Culver City senior boys volleyball player Henry Brownlow, right, gets ready to block a spike attempt against a Da Vinci player. Henry is also a team captain.

Losing at any level of sports competition takes its toll mentally and physically. From pee wee sports to the professional level, losing can be depressing. If you watch a Culver City High School boys' varsity volleyball game, you would not know they are 2-12 overall and 0-6 in the Bay league. During a recent match inside the Culver City High School gymnasium the excitement and camaraderie was bouncing off the walls of the gym.

"We are not winning a lot of games but it's still fun to come out here and compete and play against good competition," said senior captain Henry Brownlow. We are having fun. We have good team chemistry."

Brownlow knows all about great competition because he was one of the best kickers in Southern California when he played for the Centaur football team. At 6'4 and 185 pounds Brownlow has the perfect volleyball body. "We have a lot of guys that are playing hard and having fun," said Brownlow after a recent loss to Redondo Union at home. "Volleyball is a really fun game, and we really play hard as a team. We love playing with each other."

The Centaurs play in one of the toughest volleyball leagues in the nation.
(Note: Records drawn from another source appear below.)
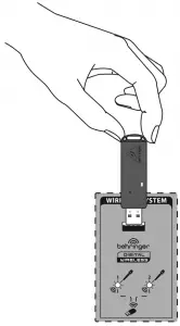 - If you are using BEHRINGER wireless microphones, plug the wireless dongle into the WIRELESS SYSTEM USB input. The WIRELESS SYSTEM LEDs will light up when the wireless microphones become active.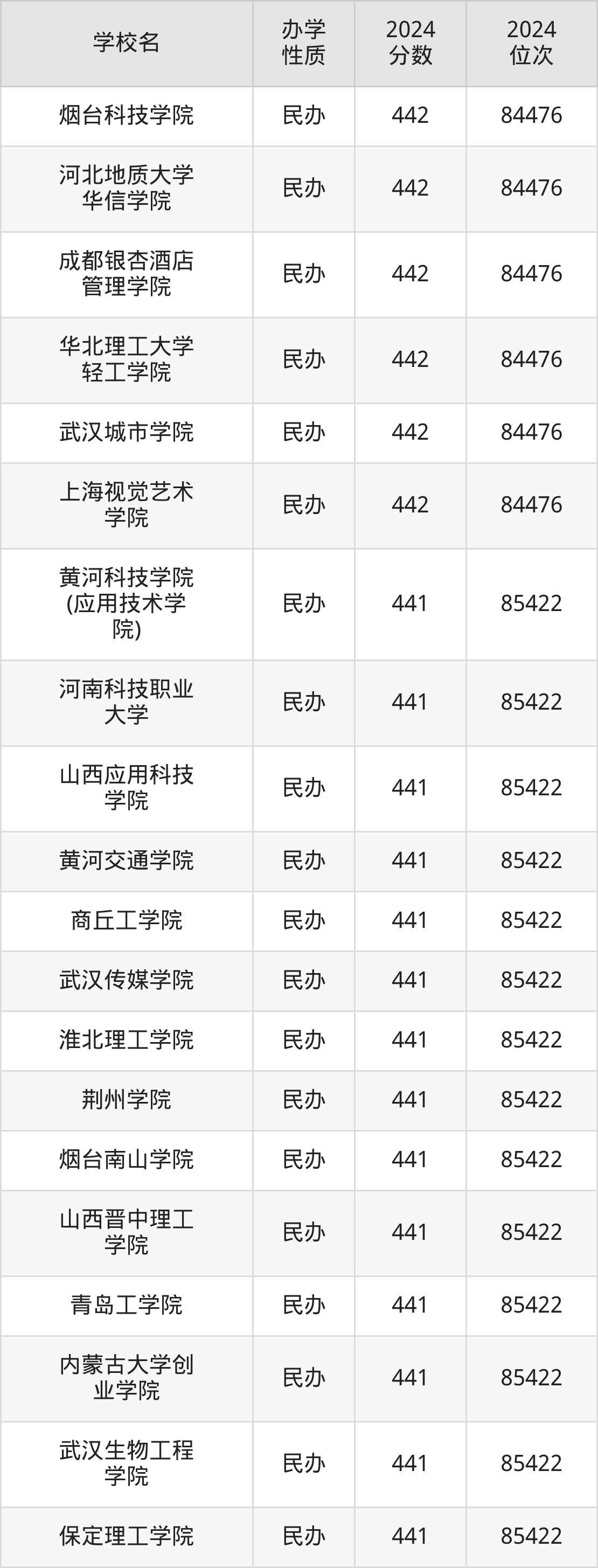 | 河北地质大学 华信学院 | 442 | 84476 |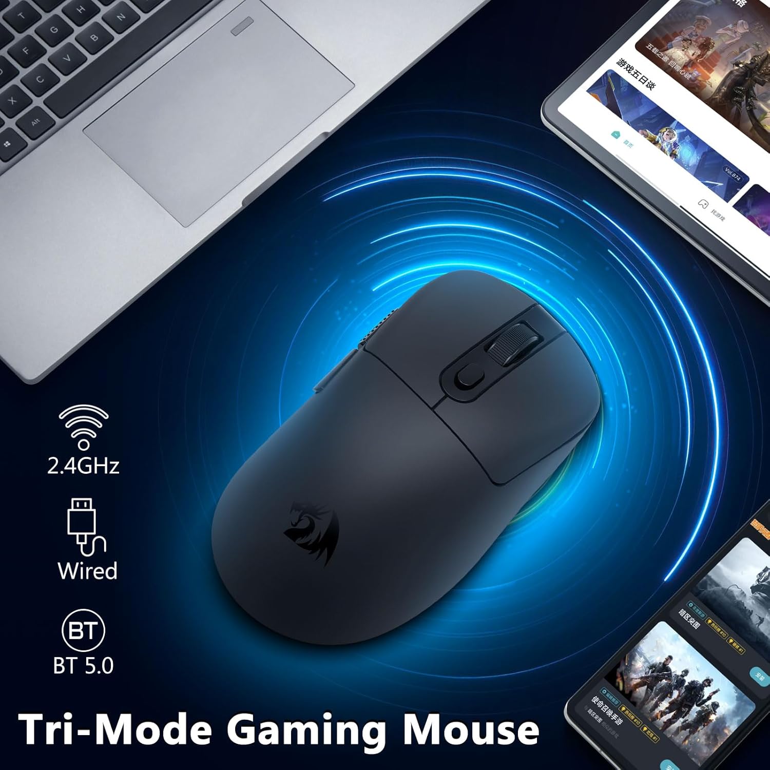 2.4GHz ワイヤレス モードは、安定した応答性の高い入力を保証し、遅延を軽減し、ペースの速いアクティビティでも一貫した制御を維持します。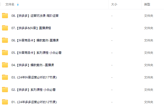 主要内容包括:选品、运营、基础、付费推广、爆款案例、活动策划、最新打法获取流量等。

Mira Costa is ranked No. 3 in the nation and Redondo Union is in the top 20 in the nation. All of the schools in the Bay league except Culver City are located near the beach and most of the kids at those schools grow up playing beach volleyball.
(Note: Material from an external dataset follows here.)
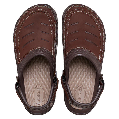 Los refuerzos de cuero genuino en la parte superior y las correas ajustables en el talón, añaden una dosis de fuerza a estos Clogs. Cuenta con un sistema de cierre de velcro que también gira hacia adelante. Sus suelas y plantillas de espuma Croslite ™ pueden soportar los elementos al aire libre, mientras brindan una verdadera comodidad alrededor de una fogata, en el camino o en casa.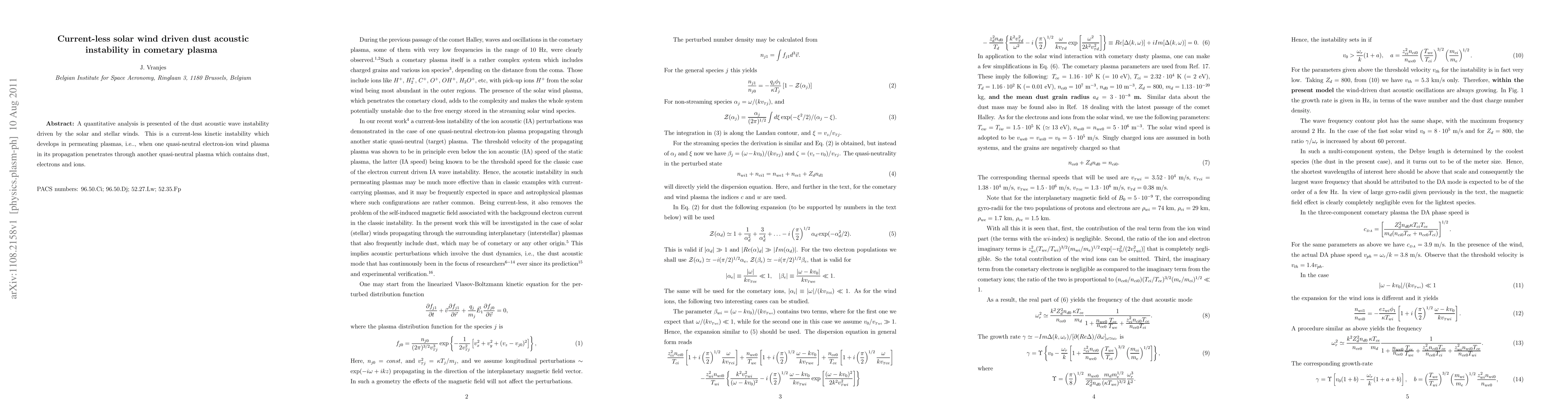 Two-line summary: This paper quantitatively analyzes a current-less kinetic instability in cometary plasmas where dust acoustic waves are driven by solar and stellar winds, occurring when an electron-ion wind plasma penetrates a dust-containing quasi-neutral plasma. The study focuses on the interaction dynamics between these two plasma environments.

"Knowing that we are playing some of the best teams in the nation is fun for some kids, but it can also be frustrating for others," said longtime Culver City boys coach Joe Manzo. "As a coach all we can do is find the right goals to achieve for our team and players. We go into these tough matches knowing that we are going to give our best. We try as hard as we can."

This year Manzo is seeing progress in the younger players in the program. "The improvement in our program is coming from our freshmen and sophomores and the Junior Varsity programs. It's wonderful to see kids like Henry (Brownlow) come into the program as 10th graders and get better every year. He just loves the game."
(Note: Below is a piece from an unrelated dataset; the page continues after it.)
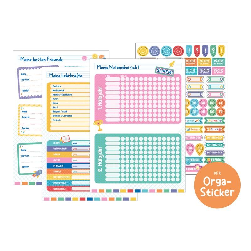Das Heft bietet farbige Wochentage zum Eintragen und Abhaken der Hausaufgaben für ein Halbjahr. Zusätzlich enthält es kreativ gestaltete Sonderseiten für Stundenpläne, Notenübersichten, Lehrer- und Ferienlisten. Auch für die wichtigsten Adressen und Telefonnummern von Freunden ist Platz. Eine integrierte 1x1-Lerntafel erleichtert außerdem das Üben der Mathematik.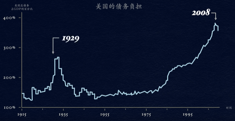 但是这种情况显然无法永久持续下去,也确实没有持续下去,几十年来债务负担缓慢增加使偿债成本越来越高,到了一定的时候,偿债成本的增加速度超过收入,迫使人们削减支出。由于一个人的支出是另一个人的收入,收入开始下降。人们的信用因此降低,致使借贷减少,偿债成本继续增加,使得支出进一步减少。周期开始逆转,这时到达长期债务的顶峰,债务负担变得过重。

Another Centaur player who really loves the game of volleyball is junior, Kenji Toombs. Toombs is the only true volleyball player on the varsity team. His father played volleyball at Mira Costa and Toombs has played on club teams. "He has been a blessing for the program because he is teaching his friends how to play volleyball," said Manzo.

George Laase (FSG)

Culver City high school boys volleyball player Kenji Toombs gets ready to deliver a powerful serve.

Toombs sees some improvement in the Centaur program, but he also knows that there is a lot of work to be done. "We have a lot of progress to be made and there is a lot of progress that has been made," said Toombs, who is three varsity player. "This is the first year for a lot of the players on the varsity team so it's a lot of fun for me to be playing with some of my friends. Last year there were a lot of seniors on the team."

The Centaurs will host The Annual Culver City Invitational Volleyball Tournament on Saturday, April 13 beginning at 8 a.m. inside the gym. "The tournament is basically how we measure ourselves during the season. The last few years we have performed well in the tournament and this year our goal is to win it all," said Manzo.